Kabe örtüsüyle randevu bekleyen aday!..
"Çıkıp, 'OHAL ilan edin, açılımdan vazgeçin, erken seçim' diyorlar. Allah aşkına soruyorum 73 milyonun yüreği sızlarken bunu konuşmanın zamanı mı? Terör örgütü, OHAL yeniden ilan edilsin, Türkiye yeniden 90'lı yılların ülkesi olsun diye kanlı eylemler yapıyor. Ankara'dan birileri de buna yağ sürüyor. OHAL, yerleşim bölgelerini boşaltmaktır. Terörle mücadele bunu gerektiriyor diye eğitime ara vermektir. OHAL, tehlike var diye binaları yıkmaktır. Temel ihtiyaç maddelerine el koymaktır. Sokağa çıkma yasağıdır. 1987'de OHAL ilan edildi ve biz kaldırıncaya kadar devam etti, hangi yaraya merhem oldu. Hangi sorunu çözdü. OHAL terörü derinleştirdi. Bölge halkını mağdur etti. OHAL istemek terörün diline teslim olmaktır."
R. Erdoğan'ın Başbakanlığı döneminde, 22 Haziran 2010'da AKP grup toplantısında sarf ettiği bu sözleri hatırlatmamım tahmin edersiniz ki bugün olup bitenlerle çok yakın alakası var. Tabii ki değişim de çok dikkat çekici!.. Erdoğan, 6 yılda bu noktadan "şimdi OHAL 12 ay yetmeyebilir" noktasına geldi.

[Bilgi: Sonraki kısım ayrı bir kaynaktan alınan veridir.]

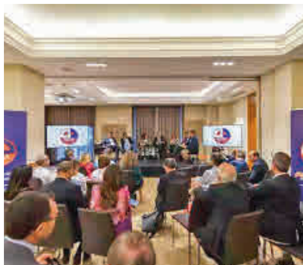
Un momento del coloquio organizado por ANETRA E.P.

En el anteproyecto de ley se introducen una serie de medidas complementarias relativas a infraestructuras y equipamientos para la sostenibilidad del sistema de transportes, como el uso y sumi-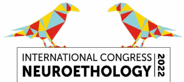
International Congress of Neuroethology 24 - 20 julho 2022 Link: https://neuroethology2020.com/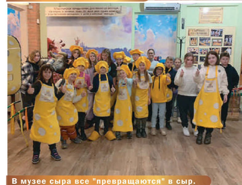
В музее сыра все "превращаются" в сыр.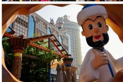
ตลาดนานาชาติซินเจียงแกรนด์บาร์ซาร์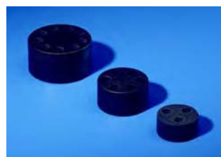
Inserts multi-câbles, Réf., voir page 1055.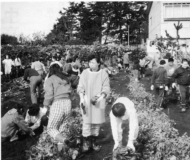
▲みんなでワイワイと

この収穫は、一父兄の協力により畑百五十坪が春から借りられたことで行ったもので、父兄四十人も手伝いとして参加、午前中一杯をかけて掘り起こした。掘り起こした量は一五〇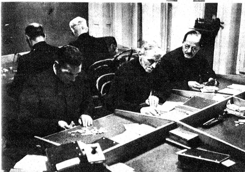
Von 17 Uhr an, wenn die Tour beendet ist, sitzen die Einzieher im Bureau bei der Abrechnung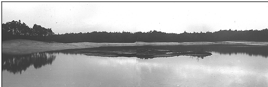
Het Henschotermeer op 23 juni 1948.

Oud-burgemeester van Woudenberg J.B. de Beaufort (1847-1924) had elf kinderen. Als herdenking aan de bevrijding in 1945 en om symbolisch een steentje bij te dragen aan de wederopbouw van ons land plantten zij in 1948 aan het Henschotermeer elf eiken, voor elke provincie één. Deze eiken werden omringd door hakhout om ze enigszins te beschermen tegen het stuifzand. Zij staan er nog steeds, aan de noordkant van het Henschotermeer. (Zie foto op blz. 3).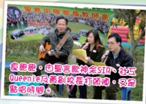
食飽飽，由聖言歌神余SIR、社工Queenie及善副校長打頭陣，又是點唱時間。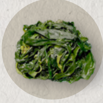
new baby kelp 有機海帶苗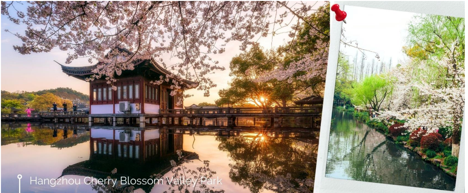
Hangzhou Cherry Blossom Valley Park

วันที่ 10 มีนาคมของทุกปี ในขณะที่ดอกซากุระช่วงปลายจะบานตั้งแต่เดือนเมษายนถึงกลางเดือนพฤษภาคม ดังนั้น

Ana muhalefet partisi CHP, OHAL'in uzatılmasına muhalefet ediyor ve ortaya çıkan mağduriyetleri, haksızlıkları açık yüreklilikle dile getiriyor... Bir zamanlar legal olan bir bankadan havale yaptı, para yatırdı diye insanlar işlerinden olurken, toplumun büyük bir kesiminde "FETÖ" operasyonlarının siyasi ayakları sorgulanıyor... Binlerce memur sorgusuz sualsiz ihraç edilirken, AKP'lilerin ByLockcuları çok titizlikle inceleniyor aman bir yanlış yapmayalım hassasiyetiyle!.. Ancak bu, herkesin bildiği gerçeği değiştirmiyor; AKP içindeki "FETÖ"cü Bakanları, Belediye Başkanları ve Milletvekillerinin varlığını. Bir gerçek daha ortada kabak gibi duruyor;
OHAL kararnameleri ve düzenlemeleri AKP'nin köşe taşlarını bırakın teğet uzağından bile geçmiyor. Olup bitenler, "bu ne perhiz bu ne lahana turşusu" dedirtecek cinsten. Bülent Arınç'a mı sormak lazım, "bir zamanlar en ağır ithamlarla suçladığın bir Büyükşehir Belediye Başkanının cep telefonunda illa ByLock bulmak mı lazım" diye!..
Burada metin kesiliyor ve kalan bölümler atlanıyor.